The notion of power as defined by formula (1) is a base for other definitions: corrected motif power, conditional power, alignment power. The latter values are the ones directly used in the program.
The formula for A_cor is based on the following informal reasoning. Assume for simplicity that all sequences have a similar length n. The number of possible relative shifts of sequences) when motifs of thickness k are considered has the order n**(k-1), and it is approximately n**(k-1) times larger than that for motifs of thickness 2, for which no correction is performed. Thus the correction should decrease the corresponding probability P(A) at n**(k-2) times. n order to do that it is necessary to decrease a half of the squared power by (k-2)*ln(n). Thus we obtain the following formula for the corrected power:
A_cor = sqrt{A**2 - 2*(k-2)*ln(n)}.
One of the reasons for introducing the gap penalty is the correction similar to that in the corrected motif power. The problem is that the number of possible alignments sharply increases as the allowed number of gaps increases. Thus for random independent Bernoulli sequences the maximum of the sum of weights along the alignment path increases, and thus the power of alignments with many gaps is too large. In order to compensate for this effect, the gap penalty is introduced. Unfortunately, unlike the situation of the corrected motif power, it is difficult to estimate theoretically the gap penalty, since sums of weights along different path are strongly dependent.

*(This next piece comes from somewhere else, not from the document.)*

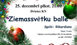 25. decembrī plkst. 21.00 Dvietes kultūras namā norisināsies Ziemassvētku balle.

Thresholds for power and lengths of motifs are set by a user.
Sets of motifs can be constructed employing different
matrices.
The described procedure is rather slow, since it requires to process a very large number of relative sequence shifts. In order to accelerate this process, it is possible to consider only the most promising shifts, which are processed further. Of course, this pre-processing can lead to the loss of some motifs. Such sorting of registers is performed by a Lipman-Pearson type procedure (Lipman and Pearson, 1985).
Then the sum of these values for all window positions for a given
shift is computed. To select a given shift the ratio this sum to
maxsum should be more then user-defined value (parameter "Coincidence
ratio").
A user-defined number of shifts is subject for further
processing.
Generally speaking, in order to find all possible motifs of different
lengths, all comparison registers should be analyzed, and for each of
them the set of non-intersecting sufficiently powerful motifs should
be found, as it is done in DotHelix procedure. However, this procedure
requires a prohibitively large time even for a rather small number of
sequences k, since the number of registers is proportional to n**(k-1),
where n is the average sequence length. In order to avoid the full
register search, we employ a procedure for motif determination, as stated
in Section 1. This procedure is based on the fact that in a sufficiently
powerful motif all or almost all pairs of layers are significally similar,
so a multiple motif should be the union of pair motifs.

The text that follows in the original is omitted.